Смекни!
smekni.com

Научные тексты как эмпирический материал изучения строения знаний и процессов мысли (стр. 5 из 7)

Дальнейшие исследования внесли в эти утверждения весьма существенные коррективы. В ходе последующего изложения вы увидите, что мы, по сути дела, отказались от тезиса, что текст есть оформление процесса познающего мышления. Сейчас мы рассматриваем текст принципиально иным образом. И в этом плане сейчас вопрос можно считать уже "закрытым". Но тогда – я снова повторю этот тезис – подобное решение вопроса было очень продуктивным шагом, так как позволило ввести необходимые упрощающие предположения без особых затрат на специальные исследования и дало возможность нам двигаться в анализе дальше.

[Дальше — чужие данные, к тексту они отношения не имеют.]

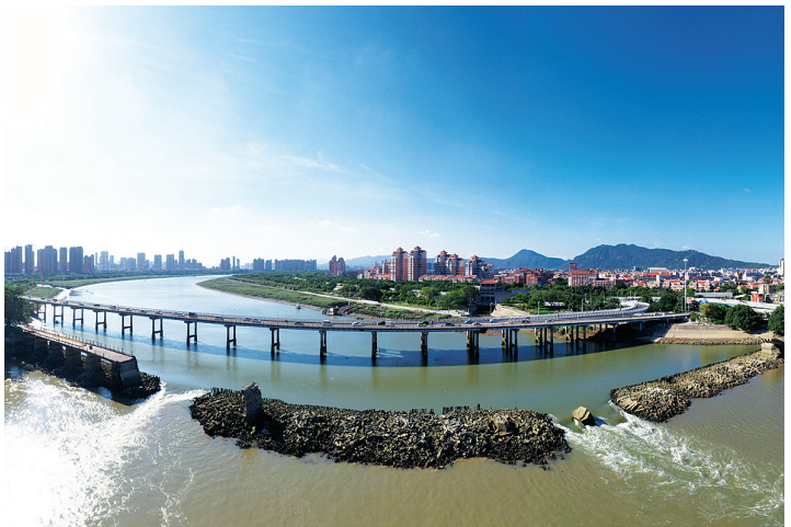
这是泉州南洋桥遗址(无人机照片,7月7日摄)。

Как я уже заметил выше, следующим важным шагом в обсуждении этого вопроса был тезис В.М.Розина о том, что текст всегда есть некоторое "оформление" и в этом плане – продукт разнообразных мыслительных механизмов. Это означало, что текст при анализе и анатомировании нельзя соотносить непосредственно с процессом мышления, а нужно анализировать как конечный продукт целого ряда весьма разнообразных механизмов. Сейчас это утверждение представляется нам исключительно важным и плодотворным. Но для того чтобы вы могли понять его действительный смысл и ценность, нужно подробно рассмотреть, каким образом строился анализ в первом случае, когда мы рассматривали его как след от процесса мышления, и во втором случае, когда он трактовался как продукт разных мыслительных механизмов или как "оформление".

Вам сейчас важно учитывать исторический характер моего изложения и извлечь из него все необходимые уроки. Излагая историю дискуссий 1953-1955 гг., я хочу показать и продемонстрировать вам тот общий и общезначимый факт, что при первых подходах к какому-то новому объекту или явлению всегда высказывается сразу несколько принципиально различных точек зрения, в соответствии с которыми этот объект может рассматриваться.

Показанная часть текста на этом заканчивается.